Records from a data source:
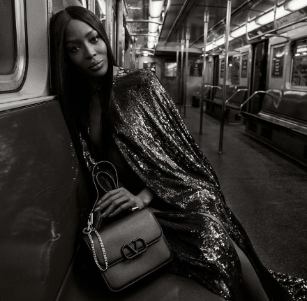 Британская супермодель, актриса и певица продемонстрировала отличную физическую форму. 49-летняя Наоми Кэмпбелл позировала в вагоне метро для рекламной кампании Valentino.
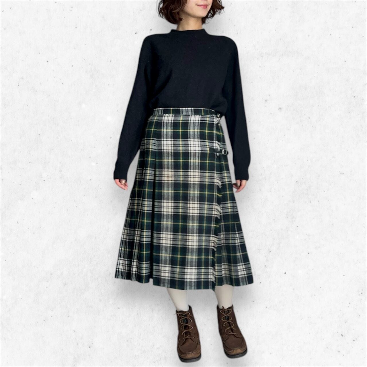 スコットランドの伝統的なタータンチェック柄を使用した巻きスカート。
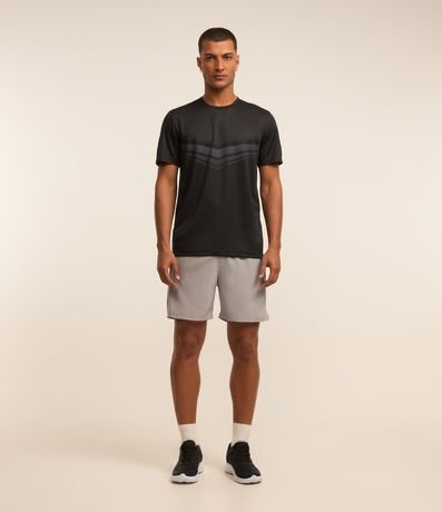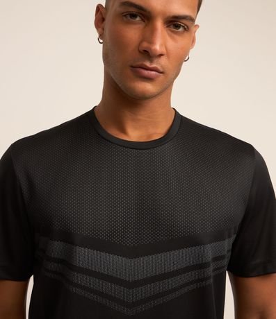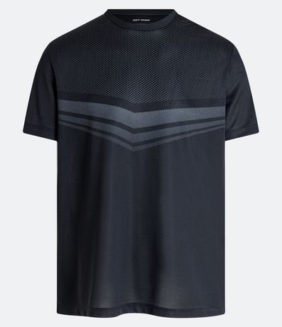 Ref: Camiseta esportiva masculina, com gola redonda, mangas curtas e estampa delta pontilhado.
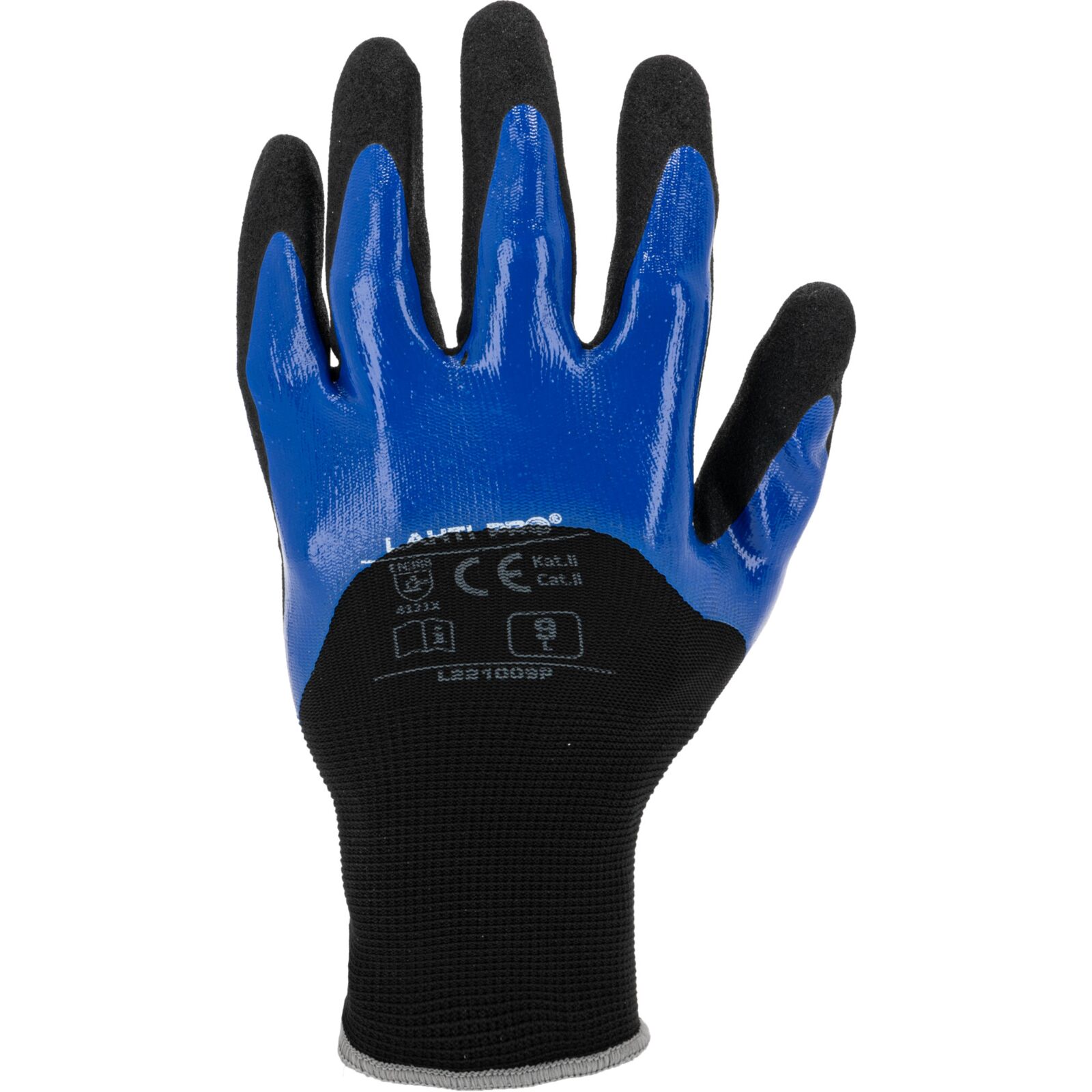 Część chwytna oraz połowa części wierzchniej powlekane podwójną warstwą nitrylu, co zapewnia:
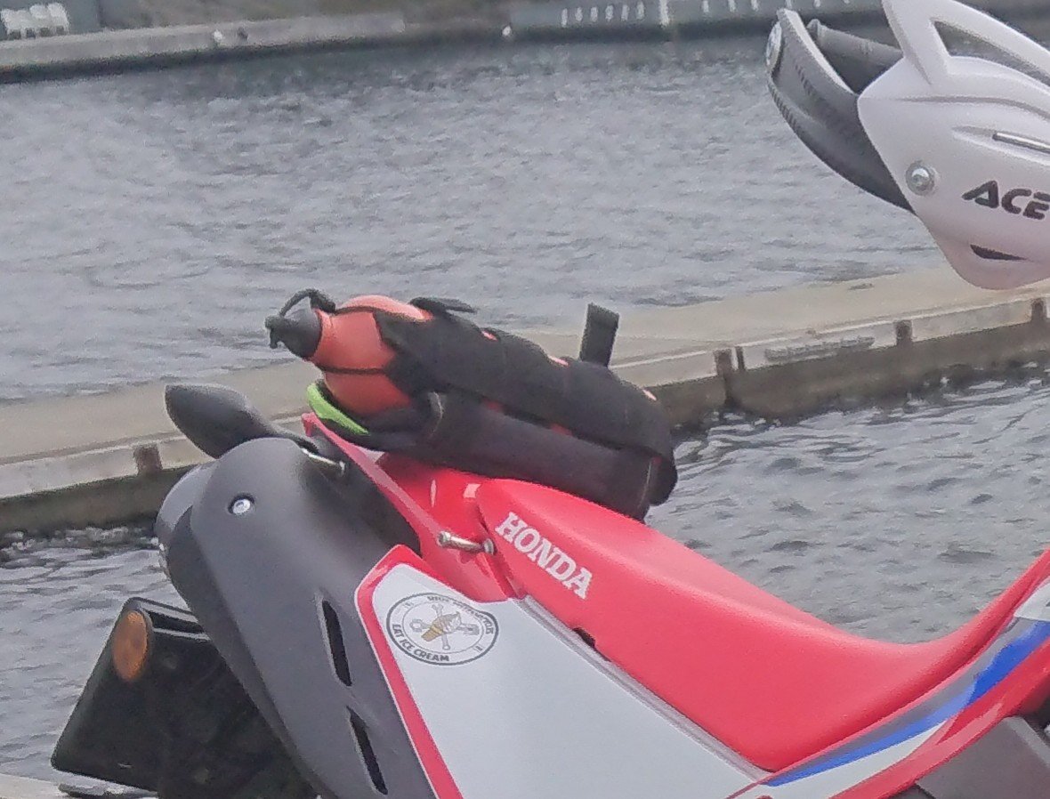 1,5 l Benzinflasche aus dem HD-Custombereich... 30,-Teuronen. Immer dabei, passt auf's Heck. Ach ja, Flaschenhalter von Lowbrow Customs ist dabei. Durch Klettverschluss fast überall zu befestigen.

[AIM OF THE EXERCISE] An exact copy of each entry is required, minus the pictures.

[SOLUTION]
 Британская супермодель, актриса и певица продемонстрировала отличную физическую форму. 49-летняя Наоми Кэмпбелл позировала в вагоне метро для рекламной кампании Valentino.
 スコットランドの伝統的なタータンチェック柄を使用した巻きスカート。
 Ref: Camiseta esportiva masculina, com gola redonda, mangas curtas e estampa delta pontilhado.
 Część chwytna oraz połowa części wierzchniej powlekane podwójną warstwą nitrylu, co zapewnia:
 1,5 l Benzinflasche aus dem HD-Custombereich... 30,-Teuronen. Immer dabei, passt auf's Heck. Ach ja, Flaschenhalter von Lowbrow Customs ist dabei. Durch Klettverschluss fast überall zu befestigen.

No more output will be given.